_Data section_:
■ ■ ■ ■
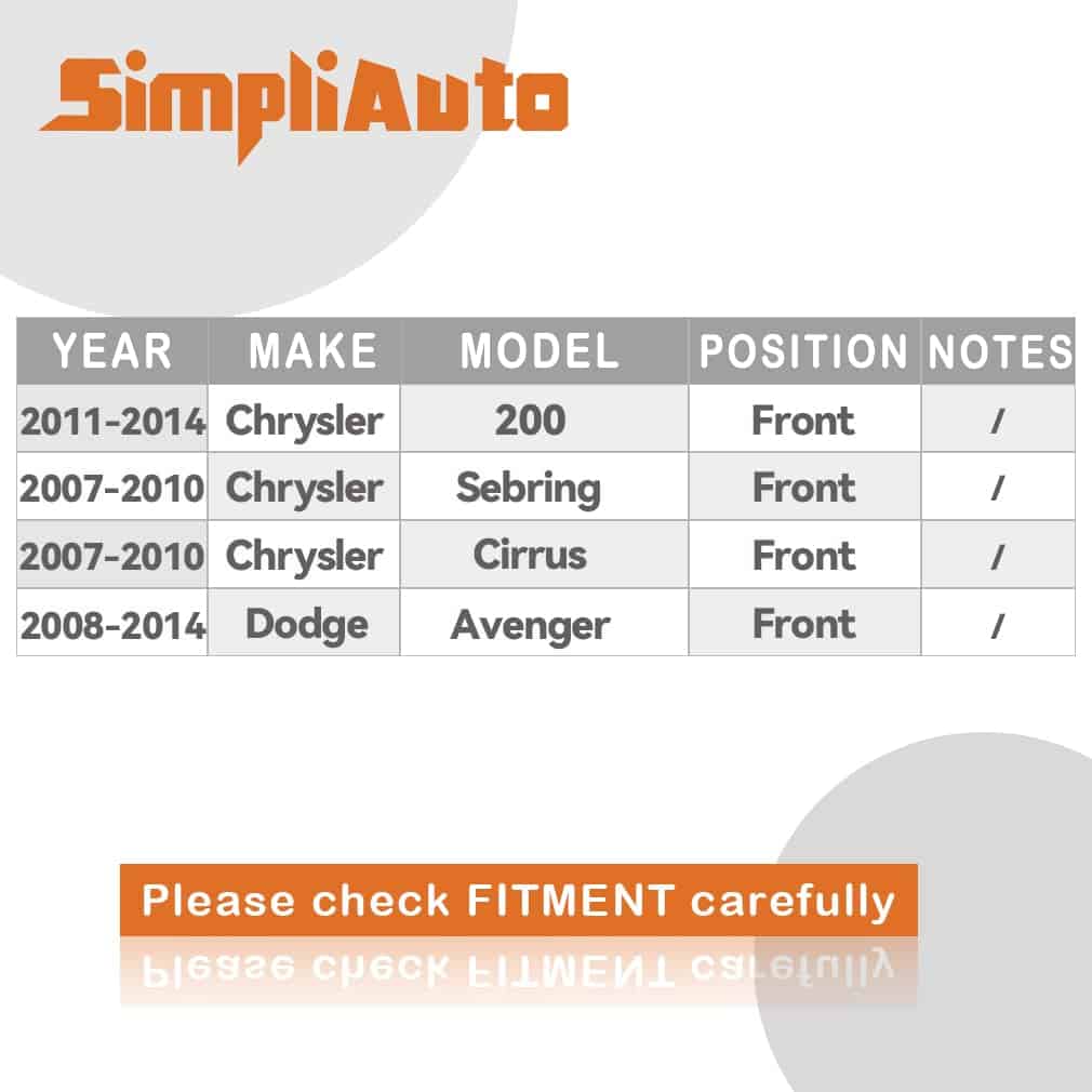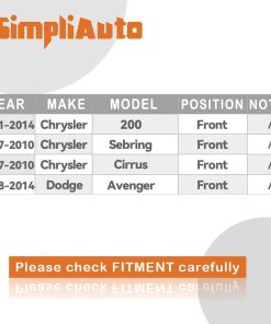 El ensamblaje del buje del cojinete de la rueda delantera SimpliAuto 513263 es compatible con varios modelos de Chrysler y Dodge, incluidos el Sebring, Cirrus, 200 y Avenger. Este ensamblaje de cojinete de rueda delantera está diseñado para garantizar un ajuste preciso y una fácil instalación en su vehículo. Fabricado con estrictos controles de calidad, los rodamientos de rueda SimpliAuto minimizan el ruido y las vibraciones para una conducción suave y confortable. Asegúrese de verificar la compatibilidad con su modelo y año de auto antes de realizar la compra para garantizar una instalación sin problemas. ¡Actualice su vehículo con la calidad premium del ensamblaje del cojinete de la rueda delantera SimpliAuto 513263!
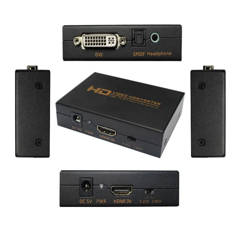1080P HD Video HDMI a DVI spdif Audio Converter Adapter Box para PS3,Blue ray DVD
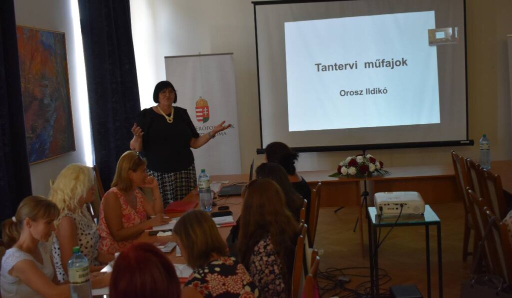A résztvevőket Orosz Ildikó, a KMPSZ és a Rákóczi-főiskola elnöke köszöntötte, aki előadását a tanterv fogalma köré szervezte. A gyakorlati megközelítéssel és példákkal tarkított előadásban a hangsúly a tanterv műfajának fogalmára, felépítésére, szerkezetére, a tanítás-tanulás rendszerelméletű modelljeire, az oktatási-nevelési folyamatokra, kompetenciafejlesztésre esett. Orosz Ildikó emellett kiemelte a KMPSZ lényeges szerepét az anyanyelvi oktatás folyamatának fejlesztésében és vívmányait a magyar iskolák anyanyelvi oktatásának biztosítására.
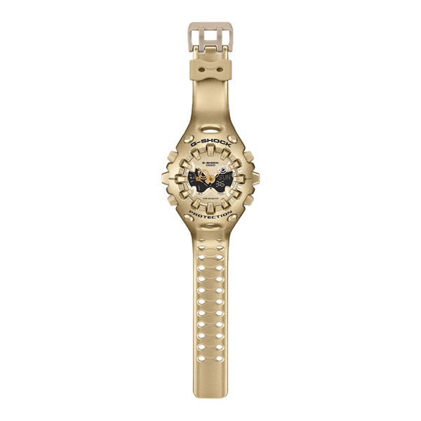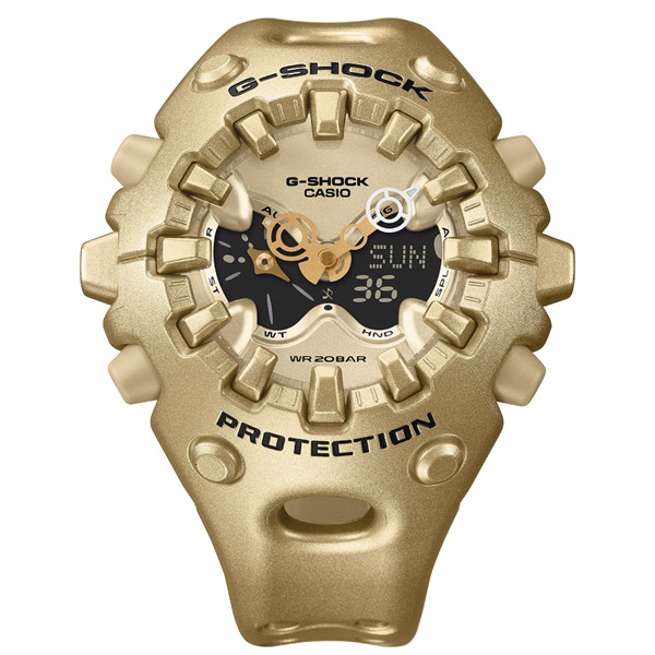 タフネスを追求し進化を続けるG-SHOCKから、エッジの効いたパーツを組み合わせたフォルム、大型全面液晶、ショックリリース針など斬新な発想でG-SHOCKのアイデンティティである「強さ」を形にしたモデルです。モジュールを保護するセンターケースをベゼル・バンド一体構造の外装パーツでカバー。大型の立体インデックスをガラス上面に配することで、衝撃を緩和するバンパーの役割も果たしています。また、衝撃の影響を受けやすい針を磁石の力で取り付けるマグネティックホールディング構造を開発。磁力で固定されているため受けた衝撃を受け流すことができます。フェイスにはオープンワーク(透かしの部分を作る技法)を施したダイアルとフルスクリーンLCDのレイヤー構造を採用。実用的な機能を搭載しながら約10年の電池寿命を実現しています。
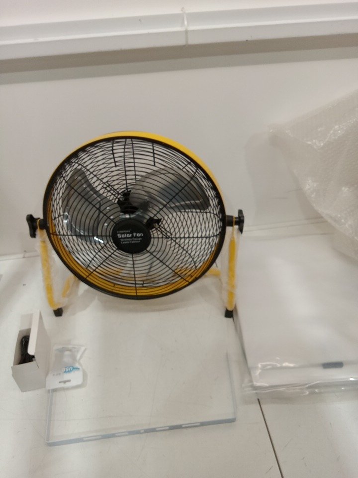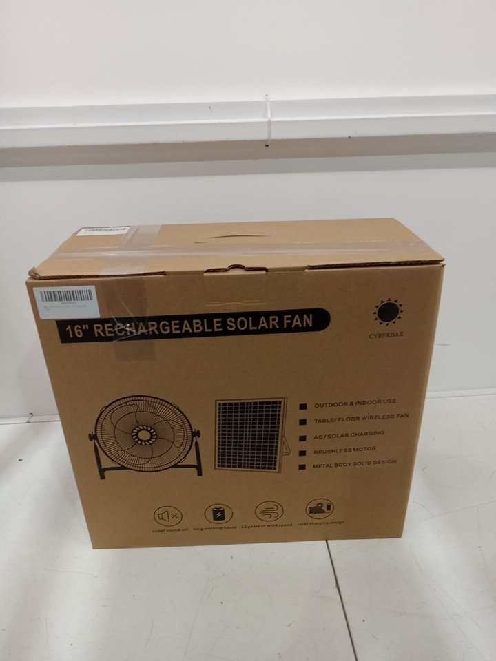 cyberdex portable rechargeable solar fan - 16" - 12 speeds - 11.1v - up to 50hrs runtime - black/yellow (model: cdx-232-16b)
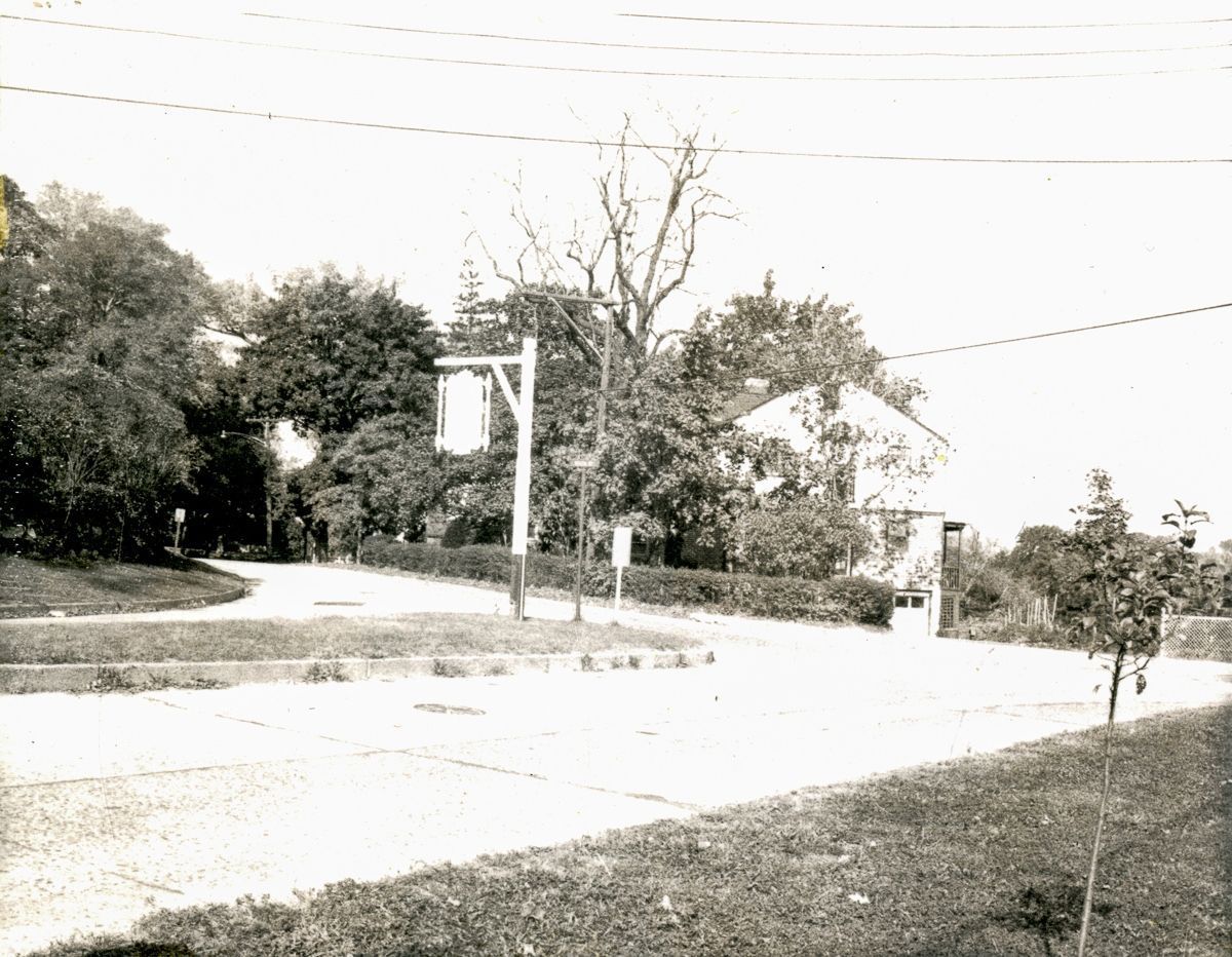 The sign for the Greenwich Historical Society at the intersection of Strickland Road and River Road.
■ ■ ■ ■
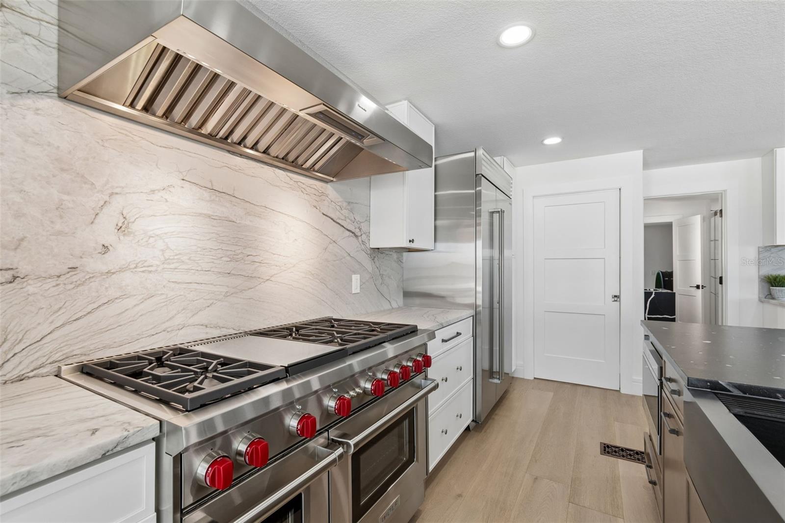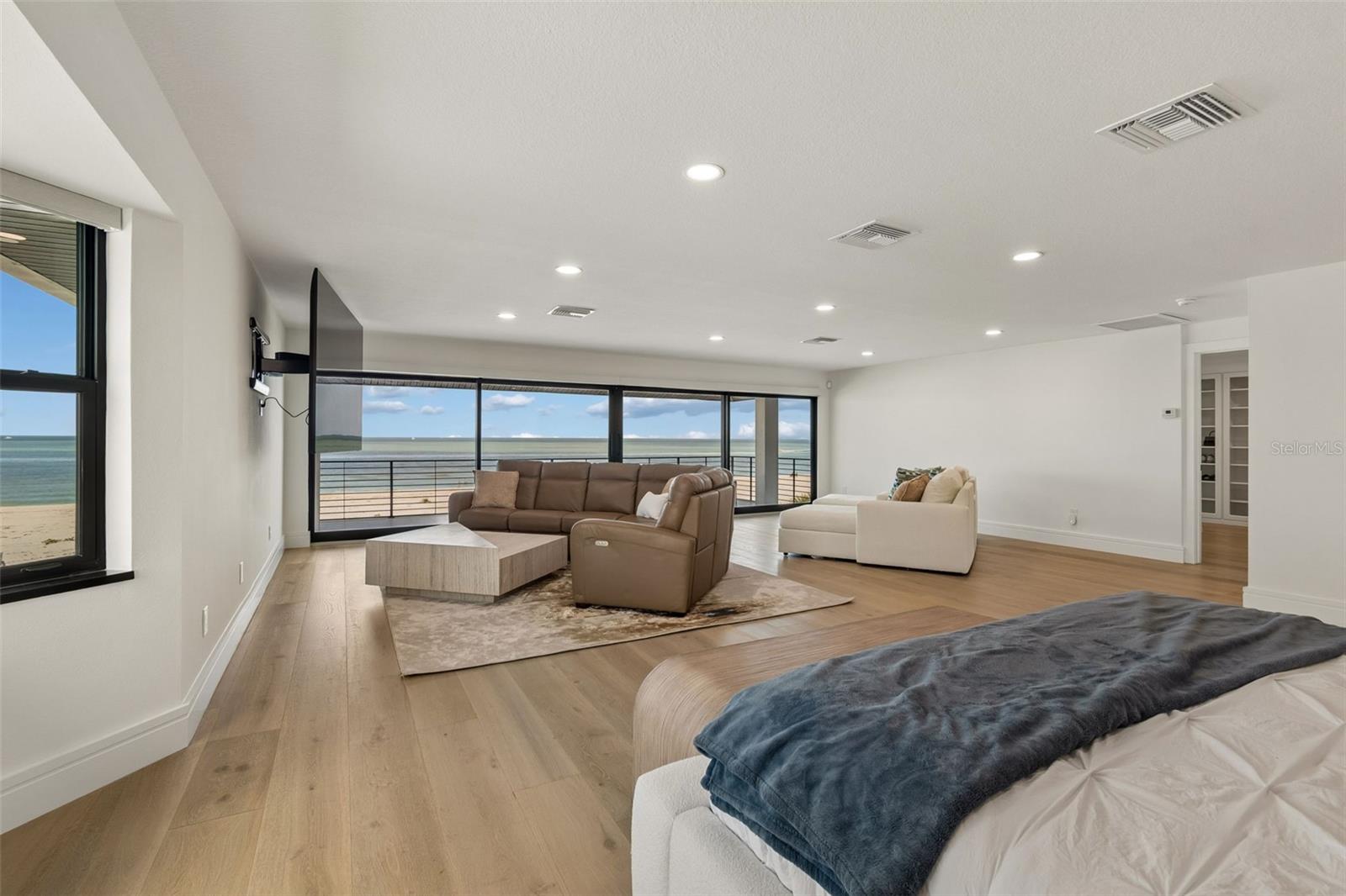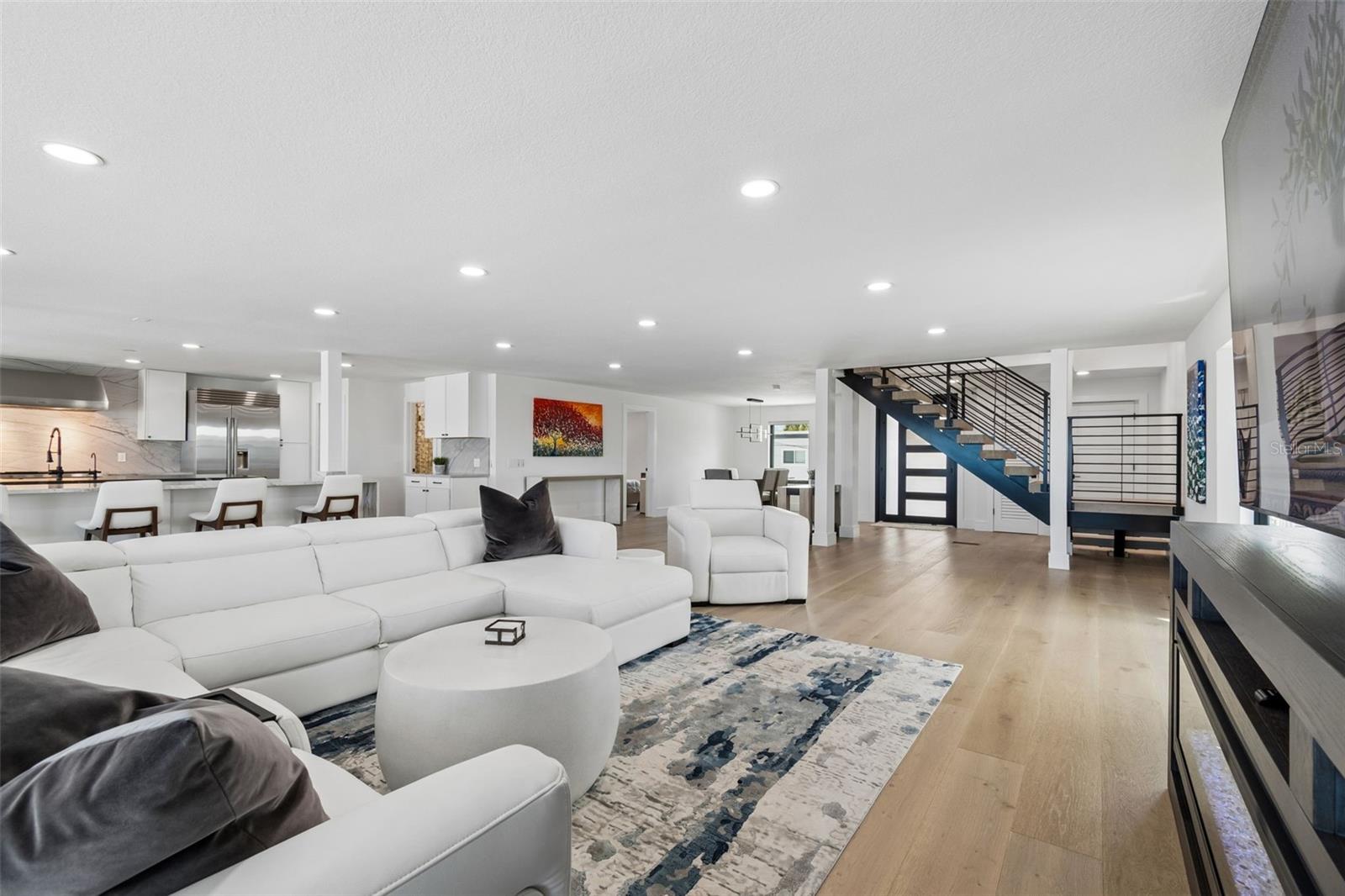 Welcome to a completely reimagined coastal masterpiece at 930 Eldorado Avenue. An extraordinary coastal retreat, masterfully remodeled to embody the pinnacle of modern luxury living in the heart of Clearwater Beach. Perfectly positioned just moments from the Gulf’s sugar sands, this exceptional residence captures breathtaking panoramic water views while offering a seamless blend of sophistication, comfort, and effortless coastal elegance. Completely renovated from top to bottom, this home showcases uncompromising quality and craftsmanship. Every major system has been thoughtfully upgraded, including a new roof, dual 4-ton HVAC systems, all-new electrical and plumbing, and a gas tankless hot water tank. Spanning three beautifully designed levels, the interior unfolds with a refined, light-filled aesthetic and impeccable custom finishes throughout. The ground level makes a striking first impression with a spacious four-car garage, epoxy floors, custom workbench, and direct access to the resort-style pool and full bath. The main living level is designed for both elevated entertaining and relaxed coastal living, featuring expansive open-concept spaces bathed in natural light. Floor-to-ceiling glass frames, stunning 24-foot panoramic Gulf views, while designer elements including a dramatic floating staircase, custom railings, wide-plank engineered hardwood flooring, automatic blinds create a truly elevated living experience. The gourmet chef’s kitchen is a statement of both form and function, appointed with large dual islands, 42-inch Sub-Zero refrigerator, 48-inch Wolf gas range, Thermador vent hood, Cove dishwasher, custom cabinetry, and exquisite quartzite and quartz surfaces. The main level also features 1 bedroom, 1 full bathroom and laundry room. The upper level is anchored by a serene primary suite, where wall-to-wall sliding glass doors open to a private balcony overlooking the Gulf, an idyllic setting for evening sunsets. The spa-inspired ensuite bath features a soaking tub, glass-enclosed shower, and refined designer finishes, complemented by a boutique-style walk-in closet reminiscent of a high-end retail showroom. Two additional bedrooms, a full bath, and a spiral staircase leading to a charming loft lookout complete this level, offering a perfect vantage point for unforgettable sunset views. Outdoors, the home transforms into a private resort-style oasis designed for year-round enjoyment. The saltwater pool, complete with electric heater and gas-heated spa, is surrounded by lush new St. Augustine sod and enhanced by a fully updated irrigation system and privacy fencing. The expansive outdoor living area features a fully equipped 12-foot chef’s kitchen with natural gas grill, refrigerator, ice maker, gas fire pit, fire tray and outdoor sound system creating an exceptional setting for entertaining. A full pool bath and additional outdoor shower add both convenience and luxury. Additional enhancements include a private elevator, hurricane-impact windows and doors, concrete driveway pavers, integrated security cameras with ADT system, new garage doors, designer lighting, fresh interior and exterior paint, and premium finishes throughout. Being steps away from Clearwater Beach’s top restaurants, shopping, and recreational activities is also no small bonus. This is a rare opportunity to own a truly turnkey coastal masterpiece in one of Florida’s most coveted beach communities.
■ ■ ■ ■
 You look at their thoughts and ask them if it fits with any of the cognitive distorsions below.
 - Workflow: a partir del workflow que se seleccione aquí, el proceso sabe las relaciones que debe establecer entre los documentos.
■ ■ ■ ■
When the line with "You look at" is reached in the data above, begin copying, and stop after the line with "- Workflow: a"; copy each line exactly, both ends included.

 You look at their thoughts and ask them if it fits with any of the cognitive distorsions below.
 - Workflow: a partir del workflow que se seleccione aquí, el proceso sabe las relaciones que debe establecer entre los documentos.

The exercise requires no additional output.